Data to use
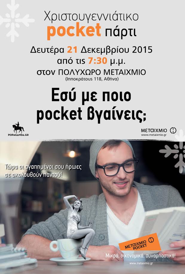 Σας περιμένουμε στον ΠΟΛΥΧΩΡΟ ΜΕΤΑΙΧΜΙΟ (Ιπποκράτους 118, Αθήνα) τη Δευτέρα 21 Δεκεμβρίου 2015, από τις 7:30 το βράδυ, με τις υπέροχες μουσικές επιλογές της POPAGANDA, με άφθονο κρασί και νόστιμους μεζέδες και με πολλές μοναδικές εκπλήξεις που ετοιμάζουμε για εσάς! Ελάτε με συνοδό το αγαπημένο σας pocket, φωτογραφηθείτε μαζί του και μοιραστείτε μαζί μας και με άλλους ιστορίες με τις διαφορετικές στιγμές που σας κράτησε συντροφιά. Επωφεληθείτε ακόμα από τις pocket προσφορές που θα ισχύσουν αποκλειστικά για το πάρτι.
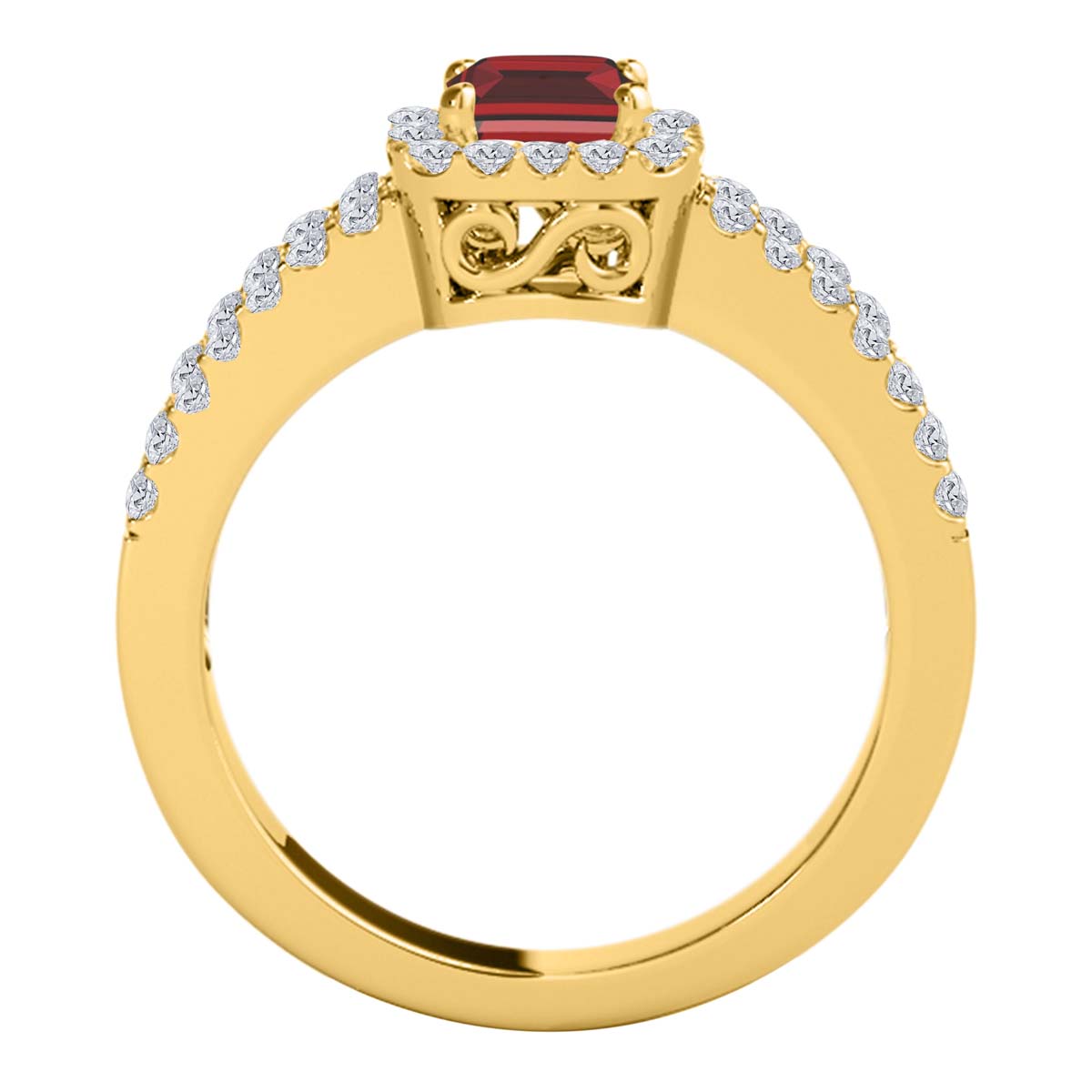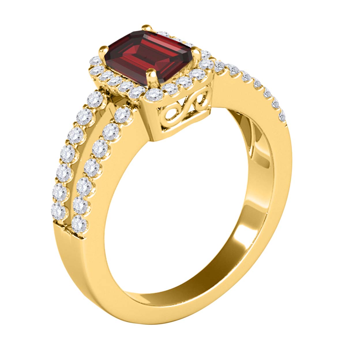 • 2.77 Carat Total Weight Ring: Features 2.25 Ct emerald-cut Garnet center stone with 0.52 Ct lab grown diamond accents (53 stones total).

* * *

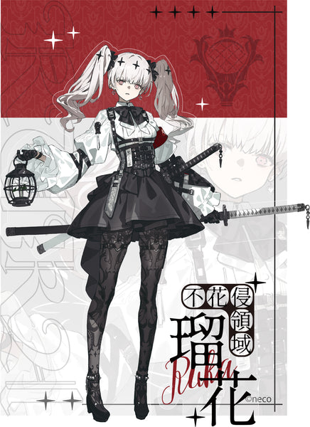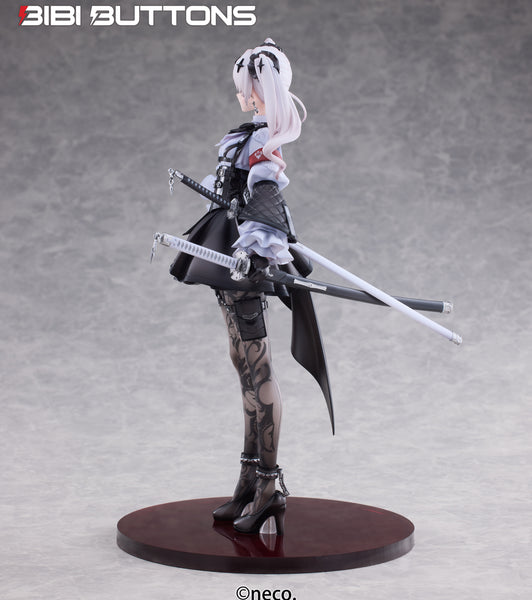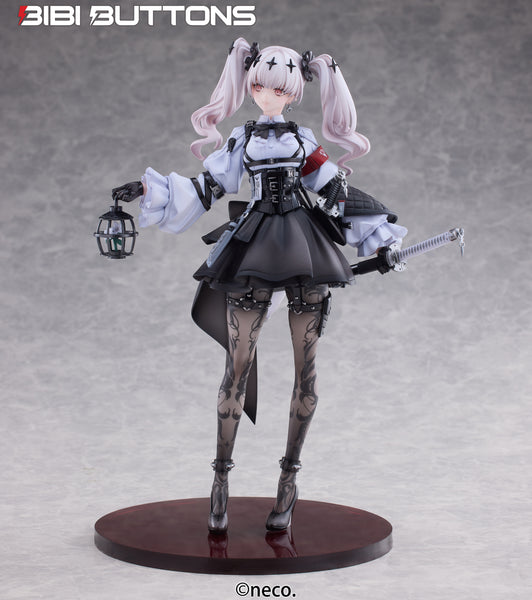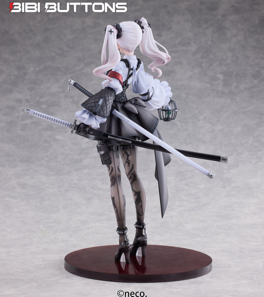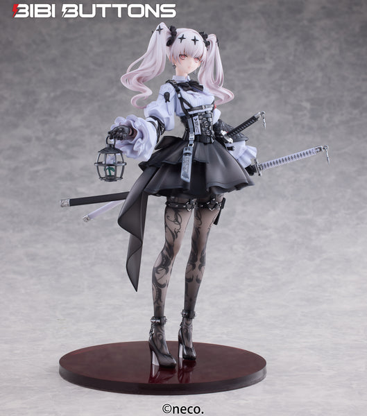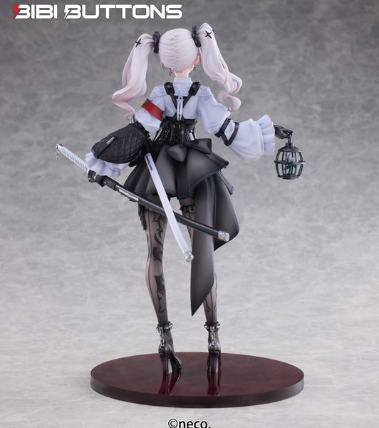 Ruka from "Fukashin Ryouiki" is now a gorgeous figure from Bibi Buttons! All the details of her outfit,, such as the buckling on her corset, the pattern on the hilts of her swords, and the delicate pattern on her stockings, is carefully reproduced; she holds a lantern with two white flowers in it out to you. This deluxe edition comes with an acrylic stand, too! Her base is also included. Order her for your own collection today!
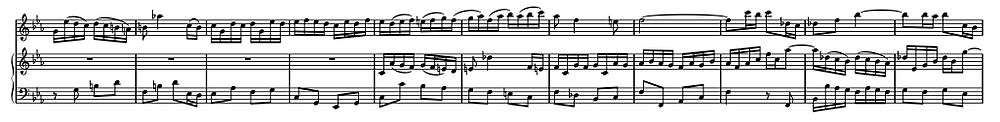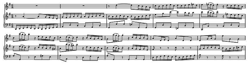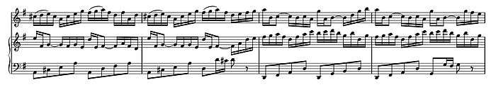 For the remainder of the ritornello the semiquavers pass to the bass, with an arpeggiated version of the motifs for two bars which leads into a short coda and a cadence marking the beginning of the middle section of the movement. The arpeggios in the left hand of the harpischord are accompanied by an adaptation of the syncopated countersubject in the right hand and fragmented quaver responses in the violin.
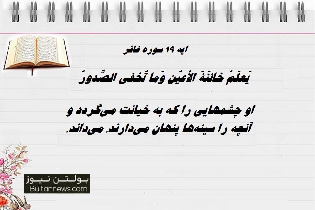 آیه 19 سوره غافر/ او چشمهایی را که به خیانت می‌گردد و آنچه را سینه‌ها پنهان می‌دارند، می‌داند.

Exercise prompt
Within the listing above, copy exactly the lines that start at the one with "own collection today!" and continue through the one with "آیه 19 سوره". Omit pictures.

Solution to this exercise
 Ruka from "Fukashin Ryouiki" is now a gorgeous figure from Bibi Buttons! All the details of her outfit,, such as the buckling on her corset, the pattern on the hilts of her swords, and the delicate pattern on her stockings, is carefully reproduced; she holds a lantern with two white flowers in it out to you. This deluxe edition comes with an acrylic stand, too! Her base is also included. Order her for your own collection today!
 For the remainder of the ritornello the semiquavers pass to the bass, with an arpeggiated version of the motifs for two bars which leads into a short coda and a cadence marking the beginning of the middle section of the movement. The arpeggios in the left hand of the harpischord are accompanied by an adaptation of the syncopated countersubject in the right hand and fragmented quaver responses in the violin.
 آیه 19 سوره غافر/ او چشمهایی را که به خیانت می‌گردد و آنچه را سینه‌ها پنهان می‌دارند، می‌داند.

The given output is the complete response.